▶ [EXERCISE]: Word for word, the data below must be repeated in full; no picture is to be included.

▶ [THE DATA]:
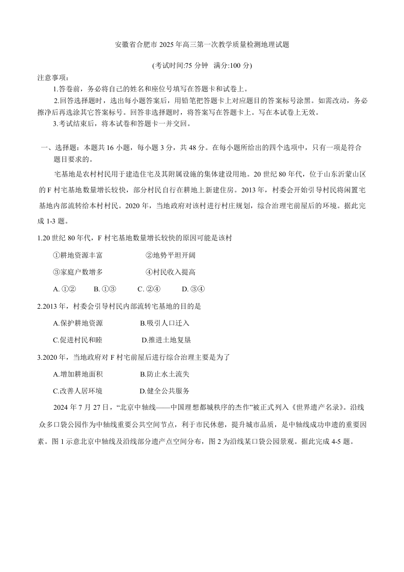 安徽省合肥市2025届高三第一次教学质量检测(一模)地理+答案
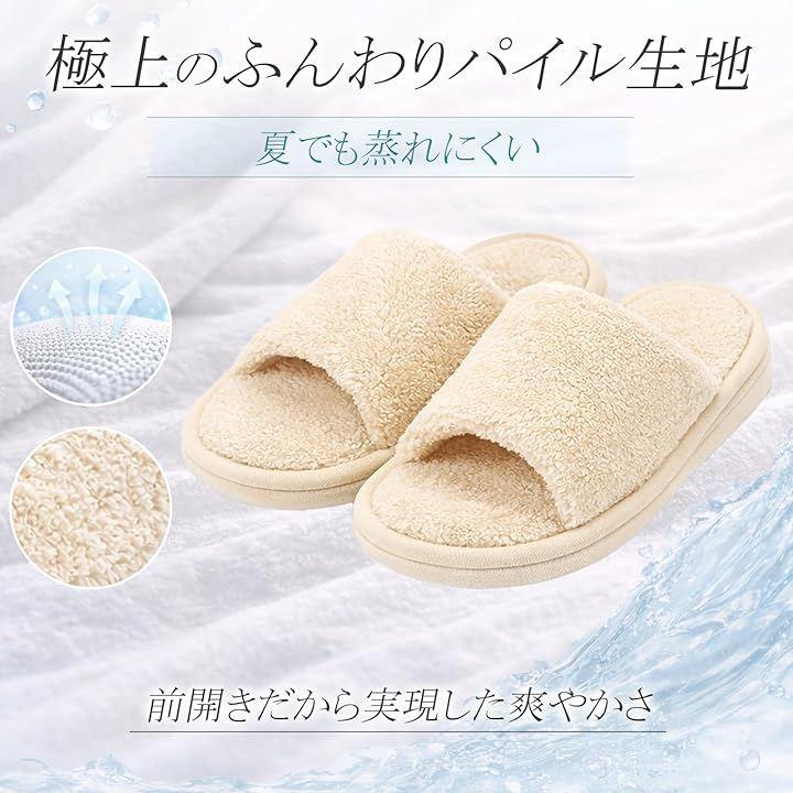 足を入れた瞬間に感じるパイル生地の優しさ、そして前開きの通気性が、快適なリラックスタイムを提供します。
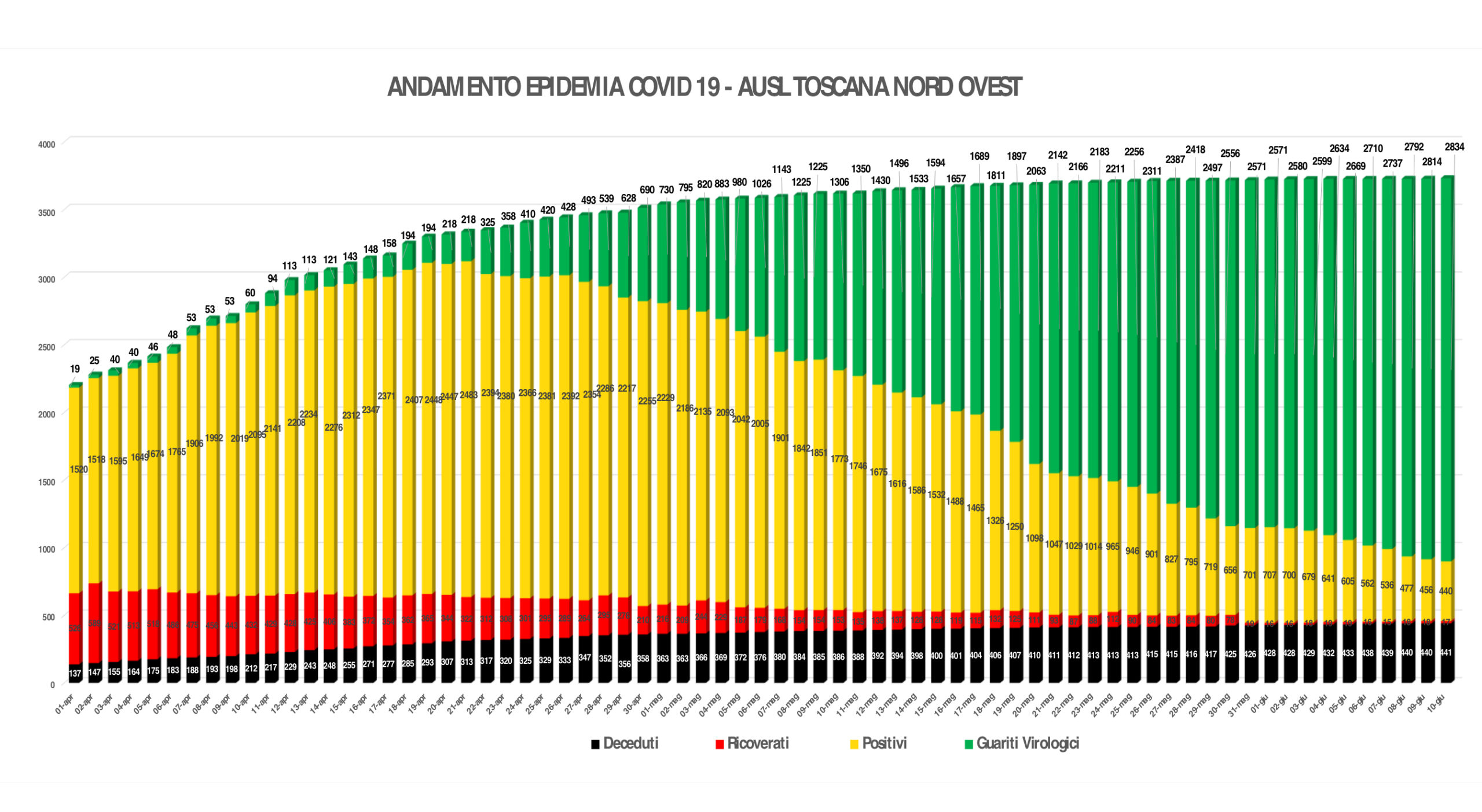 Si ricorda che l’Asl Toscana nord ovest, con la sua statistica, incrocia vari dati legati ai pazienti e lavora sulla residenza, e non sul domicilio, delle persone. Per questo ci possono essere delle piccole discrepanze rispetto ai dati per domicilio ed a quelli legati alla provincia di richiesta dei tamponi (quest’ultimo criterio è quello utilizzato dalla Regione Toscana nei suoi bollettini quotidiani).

▶ [WRITTEN RESPONSE]:
 安徽省合肥市2025届高三第一次教学质量检测(一模)地理+答案
 足を入れた瞬間に感じるパイル生地の優しさ、そして前開きの通気性が、快適なリラックスタイムを提供します。
 Si ricorda che l’Asl Toscana nord ovest, con la sua statistica, incrocia vari dati legati ai pazienti e lavora sulla residenza, e non sul domicilio, delle persone. Per questo ci possono essere delle piccole discrepanze rispetto ai dati per domicilio ed a quelli legati alla provincia di richiesta dei tamponi (quest’ultimo criterio è quello utilizzato dalla Regione Toscana nei suoi bollettini quotidiani).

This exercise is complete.